Ukraine: The rewriting of Chernobyl’s history

Corruption and despair – Interviews with accident victims

On the 26 April, 1986, the fourth block of the Chernobyl nuclear power station exploded, throwing 50 million curies of radioactive isotopes into the atmosphere. This is 500 times more than was released when the American army dropped an atomic bomb on the Japanese city of Hiroshima, towards the end of WW2. In the year, following the Chernobyl catastrophe, over 200,000 people from the Ukraine, alone, were effected by the explosion (in the former USSR the figure was near 700,000). Around 3.5 million people were left living in regions with high radiation levels. Even today’s Ukraine Ministry of Health recognises that up to 80% of those people suffer some effects and require more medical treatment than would normally be the case. In the Ukraine, 643,000 children live in the affected areas, 5,500 of whom are registered invalids.

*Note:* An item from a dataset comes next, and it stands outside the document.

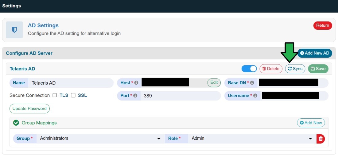 Finally, after you have added group mapping, click “Sync” to finish configuring the AD Settings.

In a recent excellent article on Chernobyl, by Jon Dale and Peter Dickenson, posted on socialistworld.net, the authors explain how, as part of the new “Is atomic energy safe?” debate, there is a clear attempt being made by advocates of nuclear power to downscale the deaths and illnesses caused by the Chernobyl disaster, 20 years ago. A report by the International Atomic Energy Agency, in conjunction with the World Bank, and UN bodies (‘Chernobyl: The true scale of the accident’) claims, “A total of up to four thousand people could eventually die of radiation exposure from the Chernobyl nuclear power plant accident”.

“As of mid-2005, however, fewer than 50 deaths have been directly attributed to radiation from the disaster, almost all being highly exposed rescue workers, many of whom died within months of the accident”.

Outlandish claims

An even more outlandish claim is made by Patrick Moore, co-founder of Greenpeace, and now an advocate of nuclear power. He claims that only 56 deaths could be directly attributed to Chernobyl, and most of these, he claims, were people who died during the accident. He compares this figure to the over one million deaths in Africa, over the past twenty years, by people wielding machetes in various wars!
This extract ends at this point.